In these moments, Kiss are the larger-than-life stars, with the crowd at their feet like they did in the 70’s and 80’s. At the same time, however, no other band shows more clearly how the changes in media technology in the 21st century have shrunk the pop star myth. In their heyday, the rare snaps of a Kiss member without makeup were an event reported in the magazine Bravo was fully appreciated. Despite their celebrity status, Simmons and Stanley were able to go to restaurants and bars when they were not on tour because there were no cameras there. Today, the strict rule of anonymity that Kiss imposed on itself between 1974 and 1983 would be doomed to failure from the very first moment.

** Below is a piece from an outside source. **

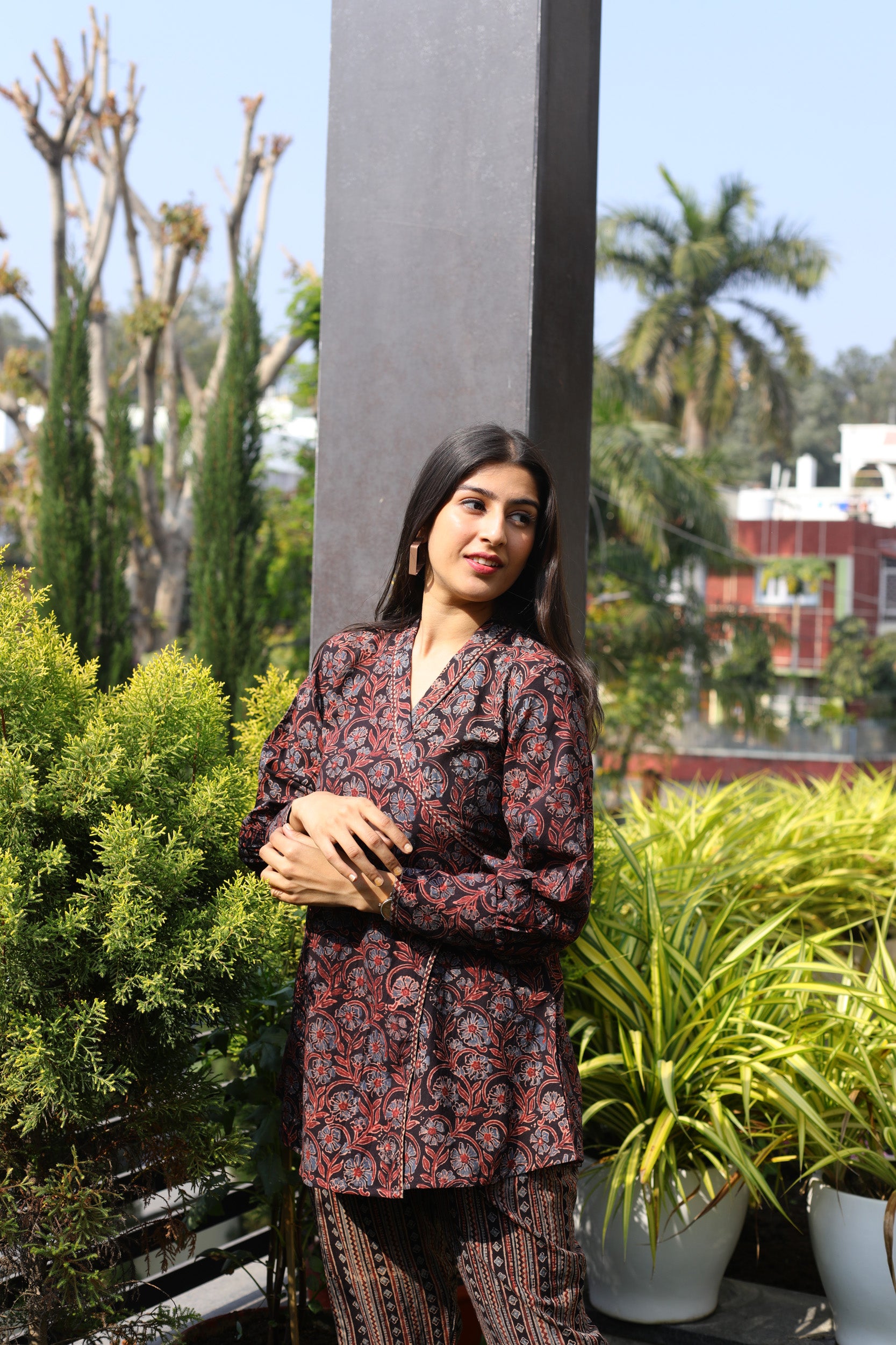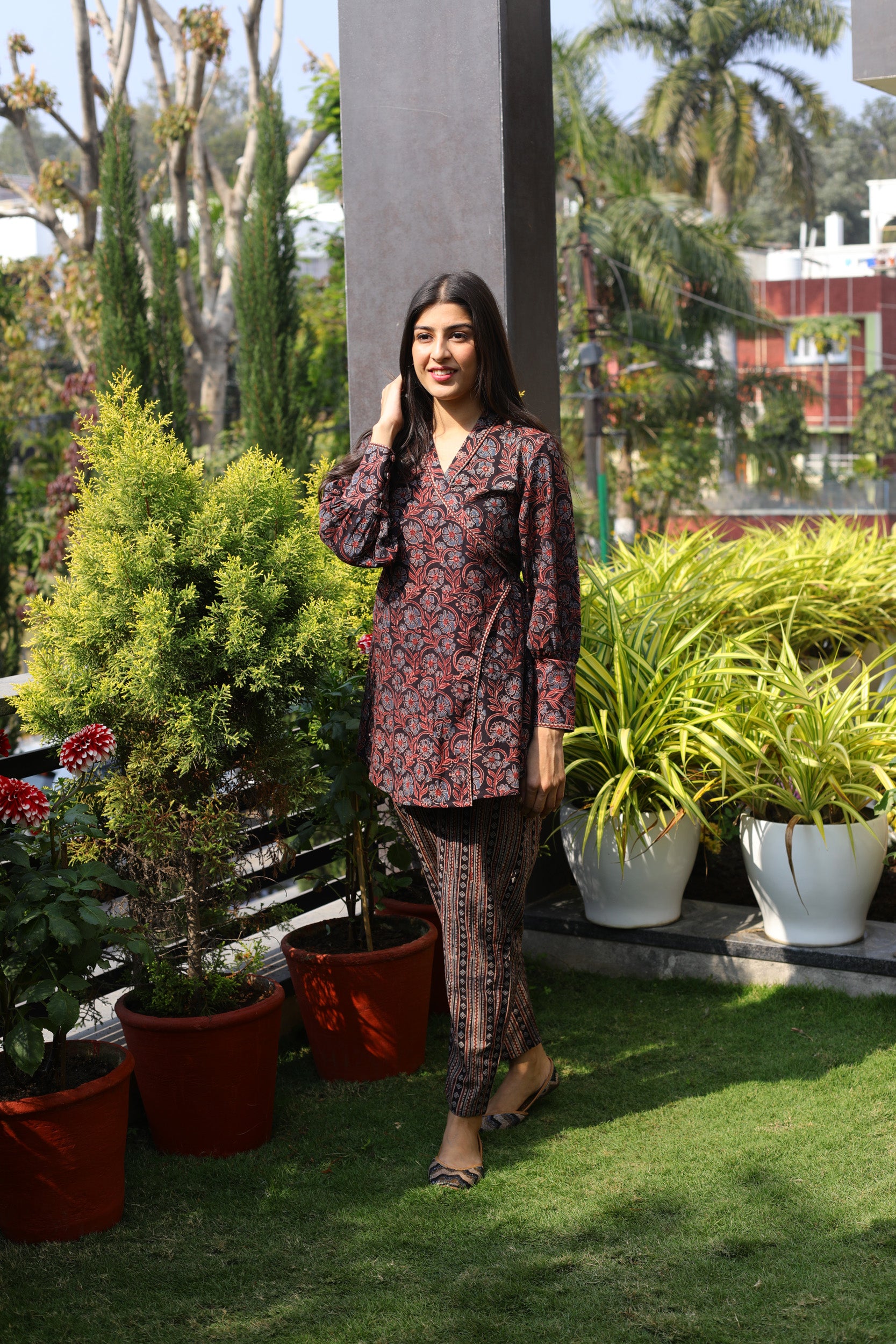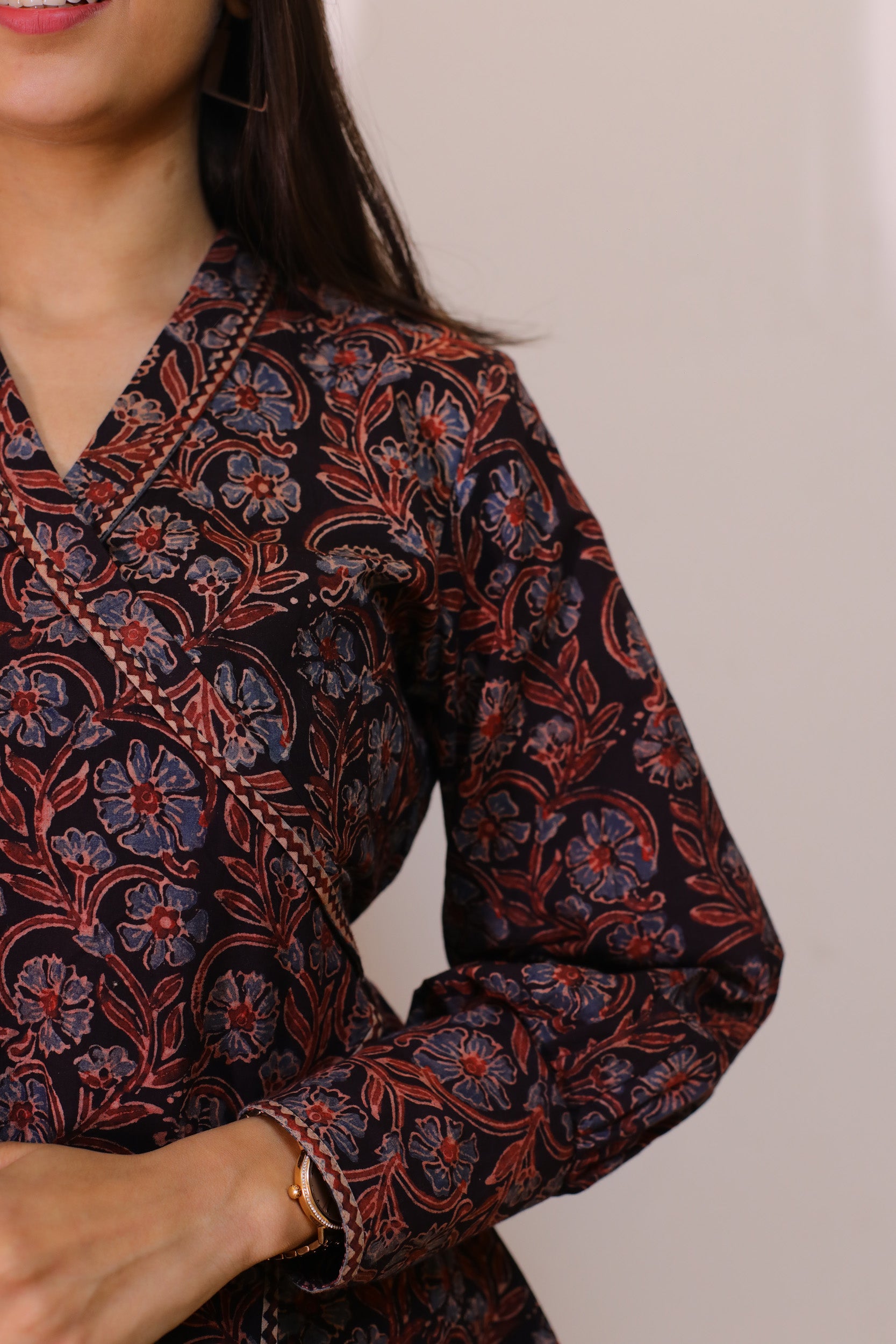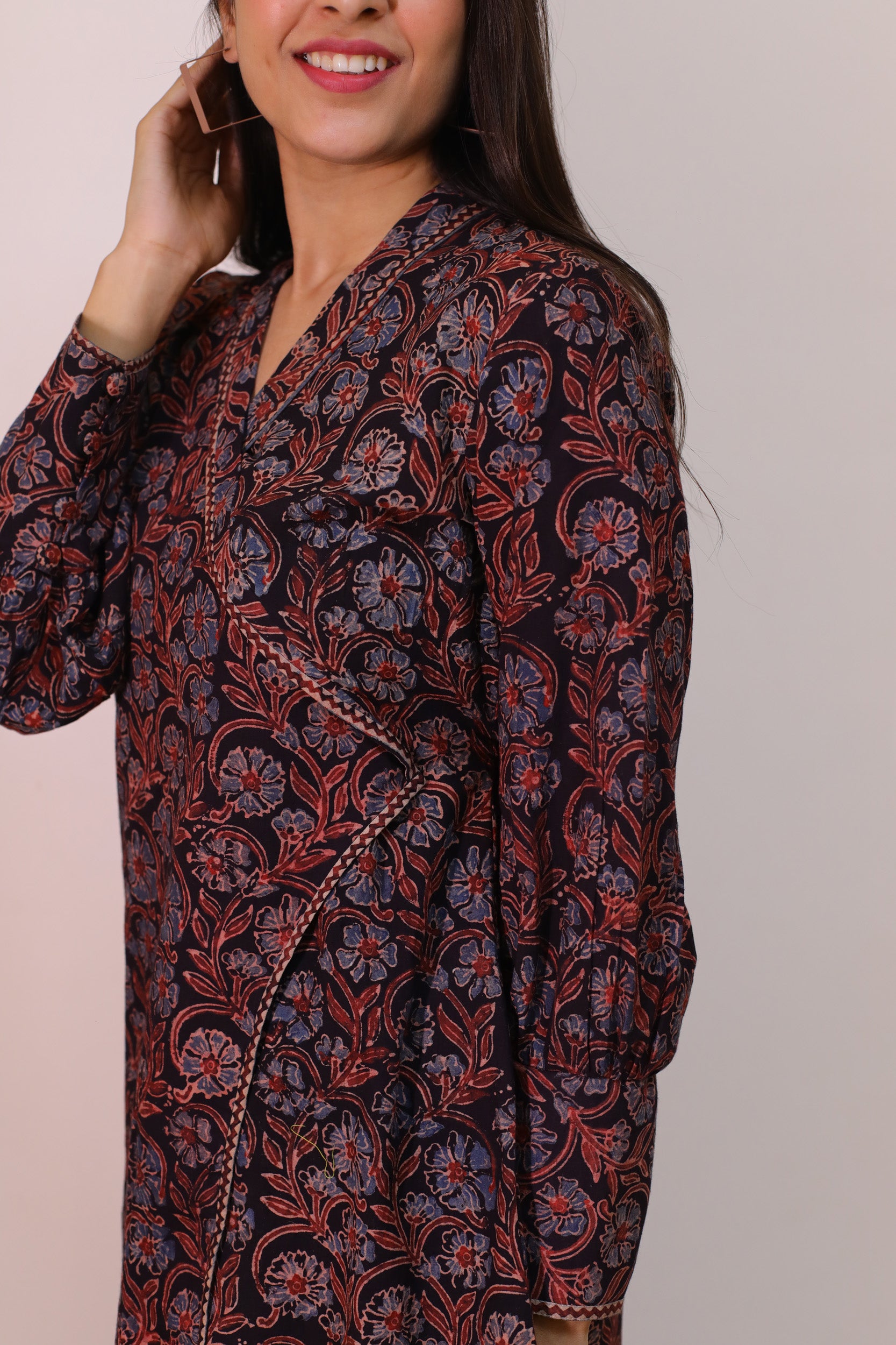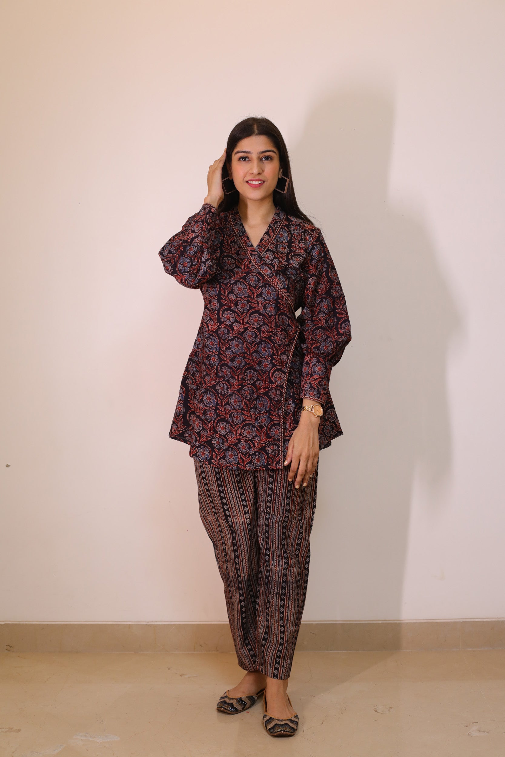 Black Ajrakh print Wrap top
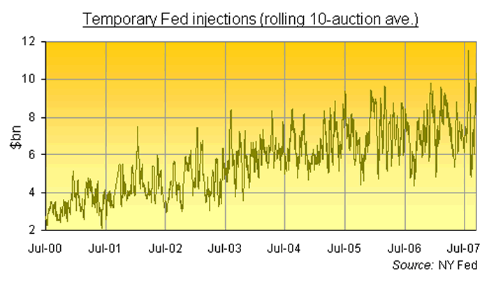 Barring the huge liquidity forced into the system by the Greenspan Fed in the aftermath of 9/11 (discounted from the chart above), the Fed has never made so much short-term money available as it has in Sept. 2007...nearly $203 billion.

Every music consumer can now also be a paparazzi, journalist and publisher. The alignment of star and fan pursued by both sides is also evident on Paul Stanley’s Instagram channel, for example, in which the once so aloof, mysterious rock star presents his followers with the latest achievements as a hobby cook. The star child in an apron, with a pizza tray or pasta plate in hand, talking about choosing the right tomatoes: a sad sight for veteran admirers. The pop star has become approachable, but some fans now have media coverage similar to that of the bands. The current overcoming of well-established abuse rituals at concerts has undoubtedly only become possible through these communication-technological shifts.

It’s an easy feat looking at the fake Ace Frehley, at the original members exhausted and hoarse after thirty minutes, who use the younger two’s overly drawn out guitar and drum solos to disappear backstage for minutes, find Kiss’ farewell show tasteless and calculated. But then, at the grand finale with “Love Gun” and “Black Diamond”, when Paul Stanley lets himself be pulled across the Königsplatz on a high wire and sings the haunting intro of “Black Diamond” on a small stage in the middle suddenly there again: the deep happiness that this band can kindle. Then it doesn’t matter at all whether the performance from 2023 is an exact copy of 1996 and 1976. Presence knows no simulation. The hardened rocker over there, with the many tattoos and the original T-shirt from the “Destroyer” tour: When Paul Stanley drives back onto the stage directly over his head, tears suddenly come to his eyes.